Plugin#
EvoFabric supports user-defined plugins, and the currently predefined plugin types are:
SyncNode: Sync nodeAsyncNode: asynchronous nodeSyncStreamNode: Sync Stream NodeAsyncStreamNode: Async Stream NodeChatClientBase: Custom Large ModelEmbedClientBase: Custom text Embedding moduleRerankClientBase: Custom ReRank moduleMemBase: Custom Memory ModuleToolManager: Custom Tool ManagerMcpToolManager: MCP Tool ManagerCodeSandbox: Code SandboxDBBase: Database
Note
Supported plugin types can also be looked up in evofabric.plugin_manager.PluginTypeDict
Plugin Integration Principle#
Plugins integrating with the EvoFabric framework require the use of Python’s entry-points mechanism: when users define entry-points in the configuration file of their plugin package, EvoFabric will automatically recognize the plugin.
Example as follows:
# ChatClientBase type plugin
[project.entry-points."ChatClientBase"]
# 'demo_tool1' is plugin name
demo_tool1 = "demo_tool1:create"
The above configuration demo_tool1:create() corresponds to the demo_tool1.create function, and EvoFabric will call this function during the plugin registration phase to obtain the plugin class.
Plugin initialization logic is visible: evofabric.plugin_manager.load_plugins()
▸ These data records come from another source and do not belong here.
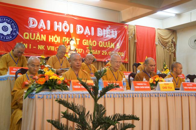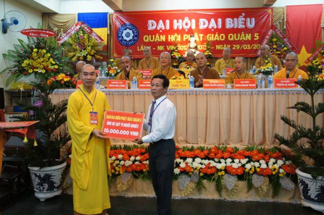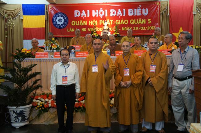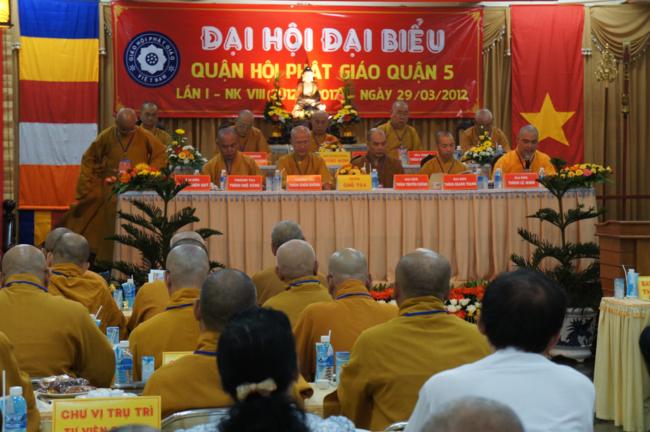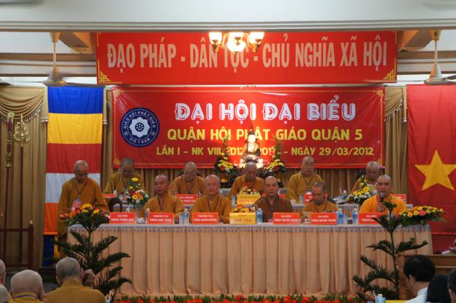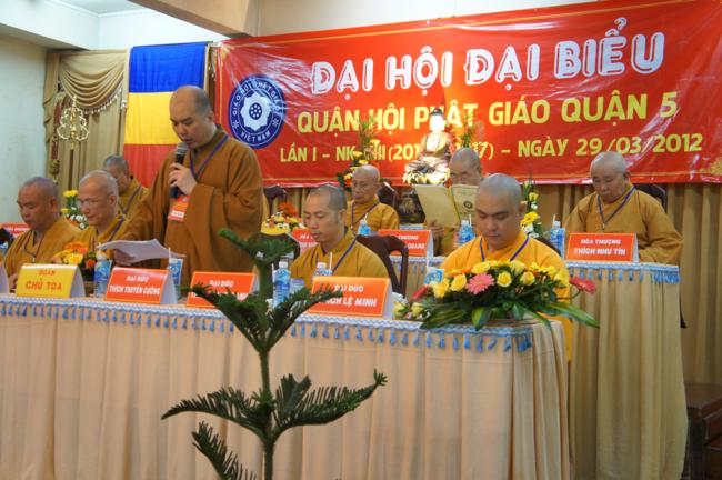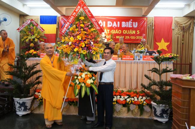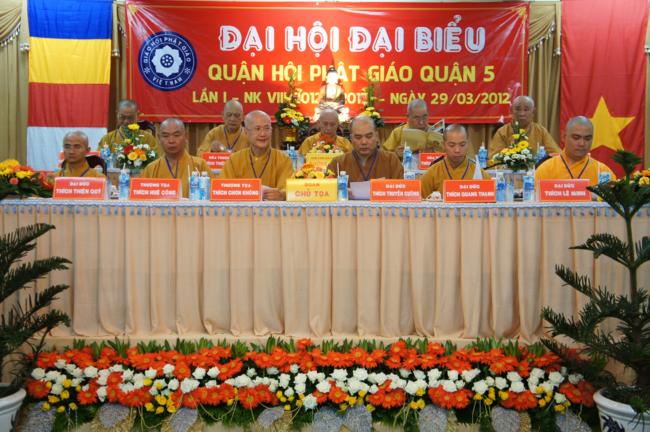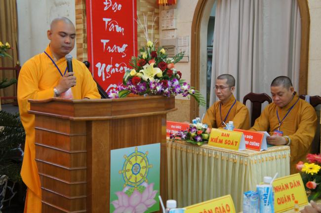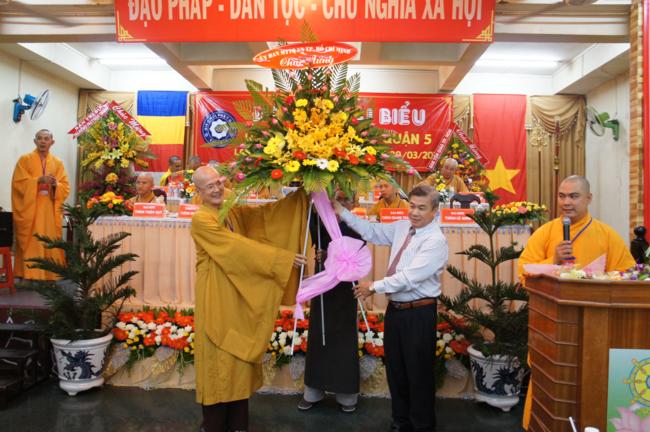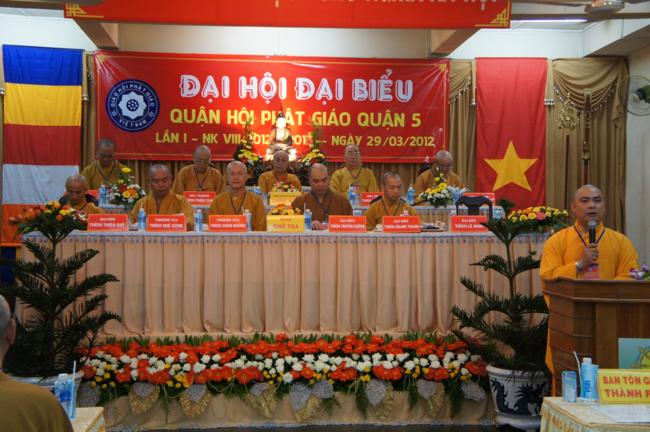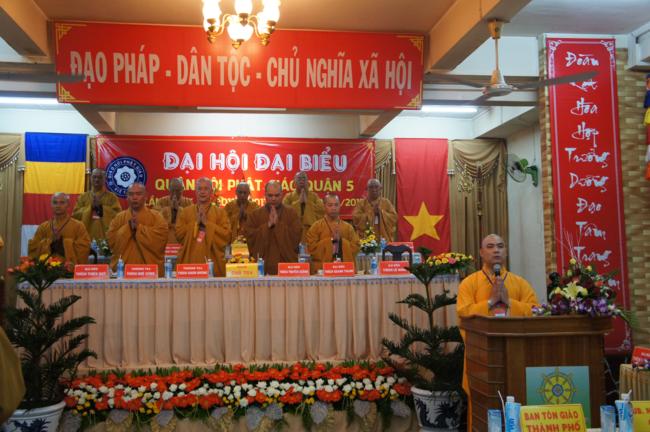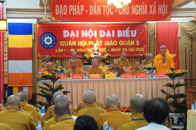 Phát biểu khai mạc TT. Thích Truyền Cường – Chánh đại diện Phật giáo Q. 5 nhấn mạnh; Trong 05 năm qua, với những điều kiện thuận lợi về chủ quan và khách quan, được sự chỉ đạo của Thành hội Phật giáo TP.HCM, sự quan tâm hỗ trợ và giúp đở chân tình của chính quyền Mặt trận và các ban ngành đoàn thể các cấp Q. 5, Ban đại diện đã sát cánh cùng Tăng ni Phật tử tích cực thực hiện các mặt công tác Phật sự, tham gia từ thiện xã hội và đã gặt hái được nhiểu thành tựu khả quan. Với những thành tựu Phật sự sau nhiều năm đổi mới của THPG đã tạo ra nhiều cơ duyên thuận lợi, một hướng phát triển Phật giáo Q. 5, một lần nữa đã khẳng định vai trò vị trí của mình trong ngôi nhà chung của Giáo hội. Từ đó đã minh định nhiệm vụ, công việc phải làm để vươn lên, thích hợp với xu hướng chung của đất nước và thời đại.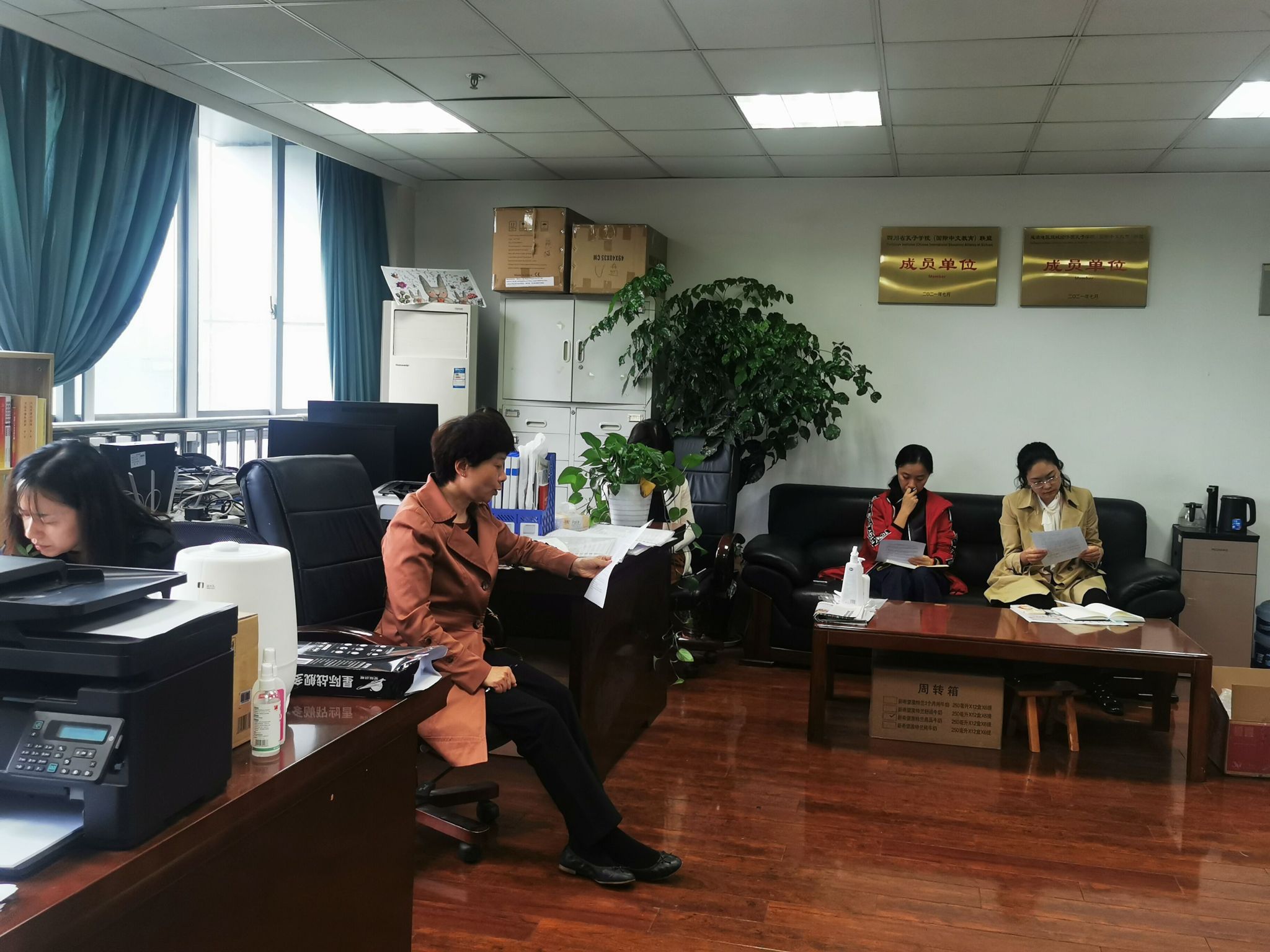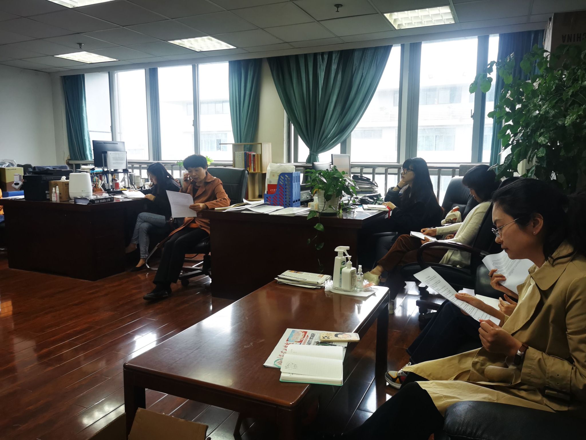 5月9日下午,国际交流合作处直属党支部全体党员在1教606办公室就学习贯彻习近平新时代中国特色社会主义思想主题教育进行集体学习,学习活动由支部书记夏新蓉主持。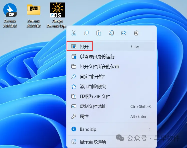 50、回到桌面,右键桌面上的【Ansys Zemax OpticStudio软件图标】,点击【打开】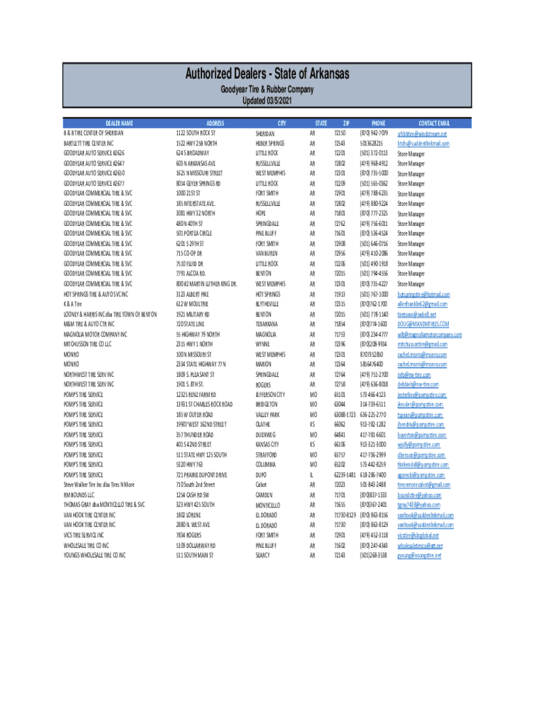 Authorized Dealers State of Arkansas Goodyear Tire & Rubber Company Updated 03/5/2021 DEALER NAME B & B TIRE CENTER OF SHERIDAN BARTLETT TIRE CENTER INC GOODYEAR AUTO SERVICE #2626 GOODYEAR AUTO SERVICE
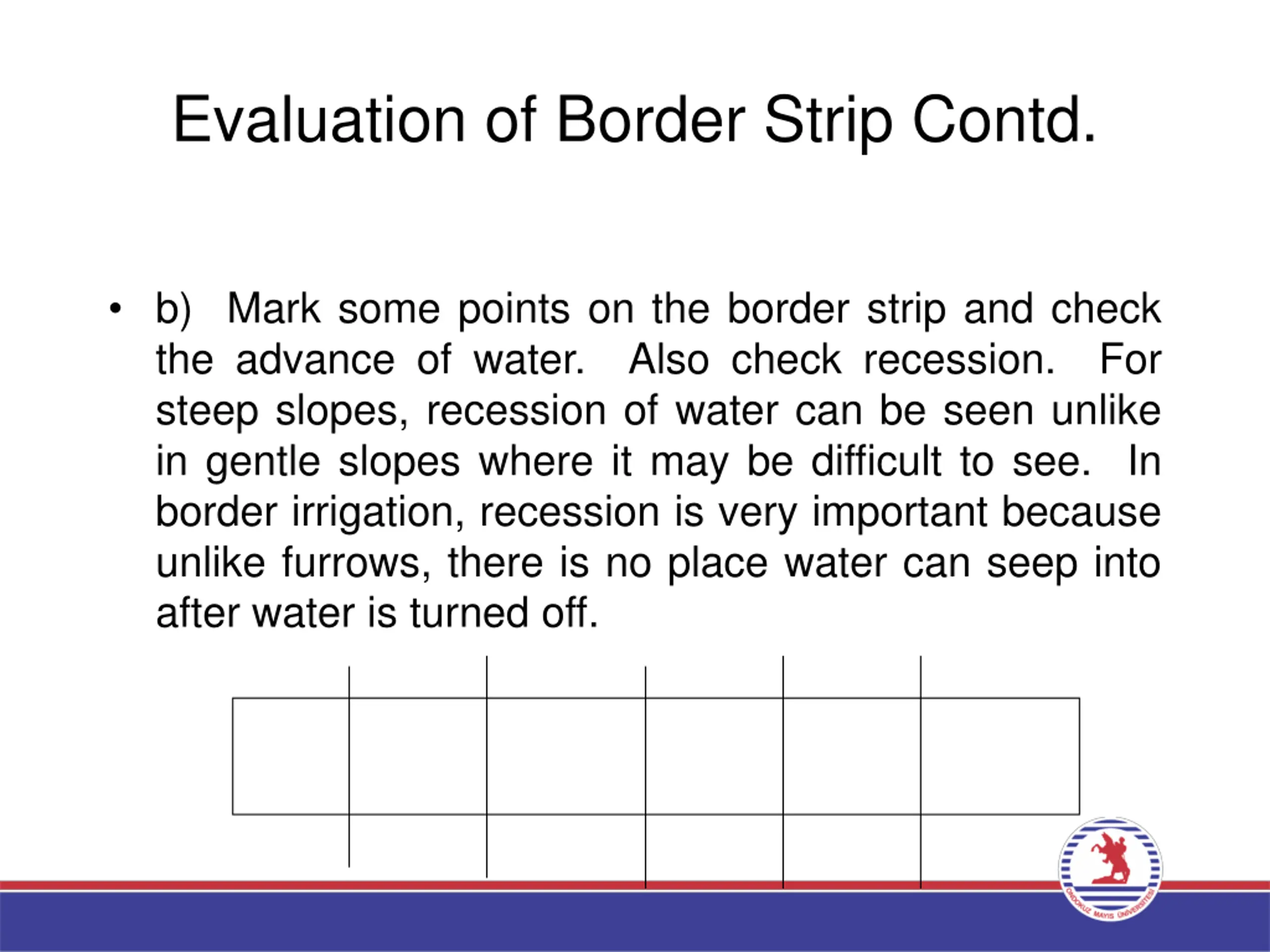 Evaluation of Border Strip Contd. b) Mark some points on the border strip and check the advance of water. Also check recession. steep slopes, recession of water can be seen unlike in gentle slopes where it may be difficult to see. In border irrigation, recession is very important because unlike furrows, there is no place water can seep into after water is turned off. For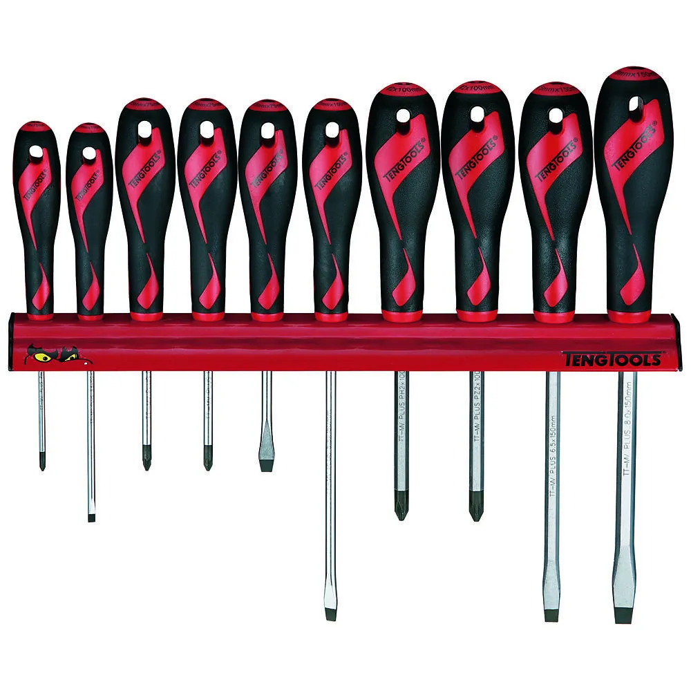 10 piece screwdriver set. The screwdrivers feature bi-material TPR grips for added comfort and grip. The set is supplied complete with a wall rack for fixing to the wall or a work bench.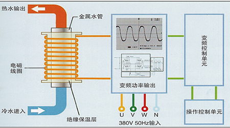 變頻電磁蒸汽(熱水)鍋爐加熱核心部分采用筒狀水電分離結構。當正常的市電源進入設備后通過電磁加熱控制器輸出部分變頻為10KHz-20KHz的高頻感應電流。高頻感應電流通過纏繞在金屬體時,內部產生高頻磁場,利用磁力線切割的作用,繞在線圈的鐵管便生產渦流效應,生產焦耳熱。從而達到快速加熱的目的。加熱過程中熱水器中的水被充分磁化,不結垢,無需定期除垢大大增加了電磁采暖爐的使用壽命。

After being loaded by the EvoFabric framework, plugins automatically inherit from the parent class corresponding to their type, and users can then use the corresponding plugins as needed.
Plugin Example#
Next, we can customize a plugin named demo_tool1 according to this guide:
First, we need to create a new Python package. The directory structure is as follows:
demo_tool1
│ pyproject.toml
│ README.md
│
├─demo_tool1
│ │ invoke_tool.py
│ │ __init__.py
The pyproject.toml file contains the entry-points registration block, the specific configuration is as follows:
# pyproject.toml
[build-system]
requires = ["setuptools>=61.0"]
build-backend = "setuptools.build_meta"
[project]
name = "demo_tool1"
version = "0.1.3"
authors = [
{ name="author", email="author@example.com" },
]
description = "An Agent System plugin demo."
readme = "README.md"
requires-python = ">=3.11"
classifiers = [
"Programming Language :: Python :: 3",
"License :: OSI Approved :: MIT License",
"Operating System :: OS Independent",
]
dependencies = []
[project.entry-points."ChatClientBase"]
# 'demo_tool1' is plugin name.
demo_tool1 = "demo_tool1:register"
Write plugin logic. The following is a streaming output example of an LLM module, located at
demo_tool1/invoke_tool.py:
from pydantic import Field
class LLMRunner:
state: str = Field(description="zhuan")
async def create_on_stream(
self, messages
):
for token in "This is the implementation of create_on_stream.":
yield token
Add registration function, located at
demo_tool1/invoke_tool.py:
def register():
return "demo_tool1.LLMRunner"
The plugin has been completed. Simply execute pip install -e . in the current directory to install it.